Monday, April 18, 2011

Gold Futures Climb to Record After S&P Revises U.S. Outlook to Negative

Gold futures rose to a record $1,498.60 an ounce after Standard & Poor’s revised its U.S. credit outlook to negative, boosting the appeal of the precious metal as an alternative to the dollar.

S&P changed its long-term rating from stable, citing “material risk” that policy makers won’t reach an accord on “medium- and long-term budgetary challenges.” Gold has gained 31 percent in the past year, and silver has more than doubled, partly on concern that Europe’s sovereign-debt crisis would escalate.

“The odds are increasing that we’re going to see a credit downgrade in the next few years,” said Matthew Zeman, a strategist at Kingsview Financial in Chicago. “More and more people are looking to gold as the ultimate currency.”

Gold futures for June delivery rose $6.90, or 0.5 percent, to settle at $1,492.90 at 2:04 p.m. on the Comex in New York. In London, gold for immediate delivery rose as much as 0.8 percent to a record $1,497.90.

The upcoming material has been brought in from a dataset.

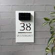 Med integrert solcellefunksjon trenger du ikke å bekymre deg for batteribytte – lampen lades automatisk og tennes når det blir mørkt. Det gjør løsningen både stilren og praktisk, og gjør dette husnummeret til en perfekt løsning for enhver inngang eller fasade.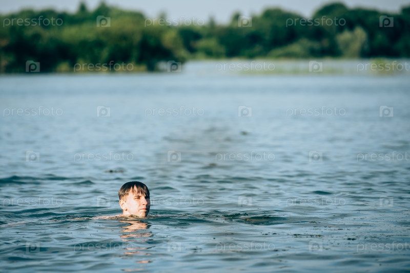 Мальчик плавает в озере летом - вид со спины

The Treasury Department has projected that the government will reach the $14.3 trillion debt-ceiling limit no later than May 16 and run out of options for avoiding default by early July.

“The perception that a downgrade would even be possible for the U.S. is driving the gold market,” said Frank McGhee, the head dealer at Integrated Brokerage Services LLC in Chicago. “The dollar is going to get whacked.”

The Federal Reserve has kept its benchmark interest rate at zero percent to 0.25 percent since December 2008 and has pledged to buy $600 billion in Treasuries through June to stimulate growth.

Dollar ‘Debasement’

“People are looking at inflation and at deficits and feeling there’s no way to get out of this without the debasement of the currency,” Zeman of Kingsview said.

The European Central Bank this month raised its main rate to 1.25 percent from a record 1 percent to stem inflation. Debt woes in Portugal and Ireland have escalated.

Some investors sold gold to cover losses in other markets. U.S. equities headed for the biggest drop in a month. In the past four weeks, gold climbed almost 5 percent, and silver surged 21 percent.

“With the magnitude of the drop in stocks, a lot of traders are booking profit in the metals,” saidAdam Klopfenstein, a senior strategist at Lind-Waldock, a broker in Chicago.

Silver futures for May delivery rose 38.5 cents, or 0.9 percent, to $42.956 an ounce on the Comex. Earlier, the price reached $43.56, the highest since 1980.

Palladium futures for June delivery fell $29, or 3.8 percent, to $739.10 an ounce on the New York Mercantile Exchange, the biggest decline in a month.

Platinum futures for July delivery dropped $12, or 0.7 percent, to $1,782.80 an ounce on the Nymex.